1. Name Of The Medicinal Product
Diclofenac Potassium 50 mg Tablets
2. Qualitative And Quantitative Composition
Each film-coated tablet contains 50 mg of diclofenac potassium
Also contains Lecithin Soya E322.
This medicine contains 0.150 mmol (5.85mg) potassium per 50mg tablet.
For a full list of excipients, see section 6.1
3. Pharmaceutical Form
Film-coated tablets
Reddish brown, circular, coated, biconvex tablets, diameter 9 mm
4. Clinical Particulars
4.1 Therapeutic Indications
Rheumatoid arthritis
Osteoarthrosis
Low back pain
Migraine attacks
Acute musculo-skeletal disorders and trauma such as periarthritis (especially frozen shoulder), tendinitis, tenosynovitis, bursitis, sprains, strains and dislocations; relief of pain in fractures
Ankylosing spondylitis
Acute gout
Control of pain and inflammation in orthopaedic, dental and other minor surgery
Pyrophosphate arthropathy and associated disorders
4.2 Posology And Method Of Administration
For oral administration.
To be taken preferably with or after food.
The tablets should be swallowed whole with liquid
Undesirable effects may be minimised by using the lowest effective dose for the shortest duration necessary to control symptoms (see section 4.4)
Adults
The recommended daily dose is 100 – 150 mg in two or three divided doses. For milder cases, 75 – 100 mg daily in two or three divided doses is usually sufficient.
In migraine an initial dose of 50 mg should be taken at the first signs of an impending attack. In cases where relief 2 hours after the first dose is not sufficient, a further dose of 50 mg may be taken. If needed, further doses of 50 mg may be taken at intervals of 4 – 6 hours, not exceeding a total dose of 200 mg per day.
Children
For children of 12 years and over, the recommended daily dose is 75 – 100 mg in two or three divided doses. Diclofenac Potassium 50 mg tablets should not be indicated for use in children under 12 years of age.
The use of Diclofenac Potassium 50 mg tablets in migraine attacks has not been established in children.
Elderly
The elderly are at increased risk of the serious consequences of adverse reactions. If an NSAID is considered necessary, the lowest effective dose should be used and for the shortest possible duration. The patient should be monitored regularly for GI bleeding during NSAID therapy.
Undesirable effects may be minimised by using the lowest effective dose for the shortest duration necessary to control symptoms (see section 4.4)
4.3 Contraindications
• Hypersensitivity to diclofenac or any of the excipients.
• Active, or history of recurrent peptic ulcer / haemorrhage (two or more distinct episodes of proven ulceration or bleeding).
• NSAIDs are contraindicated in patients who have previously shown hypersensitivity reactions (e.g. asthma, rhinitis, angioedema, or urticaria) in response to ibuprofen, aspirin, or other non-steroidal anti-inflammatory drugs.
• Severe heart failure, hepatic failure and renal failure (see section 4.4).
• History of gastro-intestinal bleeding or perforation, relating to previous NSAID therapy.
• During the last trimester of pregnancy (see section 4.6).
• This product contains soya.

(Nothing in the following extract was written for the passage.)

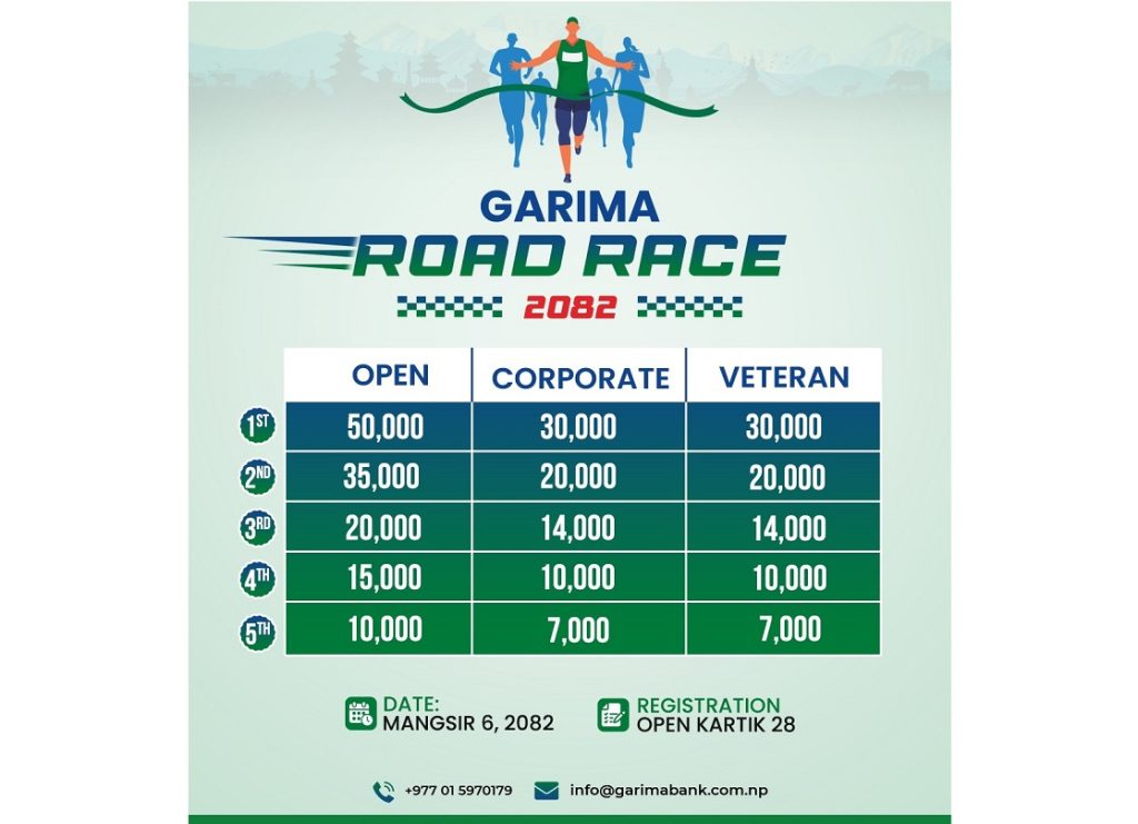 Generated by OK AI. Editorially reviewed.- गरिमा विकास बैंकले १९ औं वार्षिकोत्सवको अवसरमा मंसिर ६ गते दोस्रो संस्करणको रोड रेस प्रतियोगिता आयोजना गर्ने भएको छ।

If you are allergic to peanut or soya, do not use this medicinal product.
4.4 Special Warnings And Precautions For Use
Warnings
Undesirable effects may be minimised by using the lowest effective dose for the shortest duration necessary to control symptoms (see section 4.2, and GI and cardiovascular risks below).

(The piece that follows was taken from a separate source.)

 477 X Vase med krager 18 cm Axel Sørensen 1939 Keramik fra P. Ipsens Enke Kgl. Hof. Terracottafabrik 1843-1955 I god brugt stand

The use of Diclofenac potassium with concomitant NSAIDs including cyclooxygenase-2 selective inhibitors should be avoided (see section 4.5).
Elderly:
The elderly have increased frequency of adverse reactions to NSAIDs especially gastro intestinal bleeding and perforation which may be fatal (see section 4.2).
Gastrointestinal:
Close medical surveillance is imperative in patients with symptoms indicative of gastrointestinal disorders, with a history suggestive of gastric or intestinal ulceration, with ulcerative colitis, or with Crohn's disease as these conditions may be exacerbated (see section 4.8 Undesirable effects).
Patients with a history of GI toxicity, particularly when elderly, should report any unusual abdominal symptoms (especially GI bleeding).
Gastrointestinal bleeding, ulceration and perforation:
GI bleeding, ulceration or perforation, which can be fatal, has been reported with all NSAIDs at any time during treatment, with or without warning symptoms or a previous history of serious GI events.
The risk of GI bleeding, ulceration or perforation is higher with increasing NSAlD doses, in patients with a history of ulcer, particularly if complicated with haemorrhage or perforation (see section 4.3), and in the elderly. These patients should commence treatment on the lowest dose available. Combination therapy with protective agents (e.g. misoprostol or proton pump inhibitors) should be considered for these patients, and also for patients requiring concomitant low dose aspirin, or other drugs likely to increase gastrointestinal risk (see below and section 4.5).
Patients with a history of GI toxicity, particularly when elderly, should report any unusual abdominal symptoms (especially GI bleeding) particularly in the initial stages of treatment.
Caution should be advised in patients receiving concomitant medications which increase the risk of ulceration or bleeding, such as oral corticosteroids, anticoagulants such as warfarin, selective serotonin-reuptake inhibitors or anti-platelet agents such as aspirin (see section 4.5).
When GI bleeding or ulceration occurs in patients receiving diclofenac potassium, the treatment should be withdrawn.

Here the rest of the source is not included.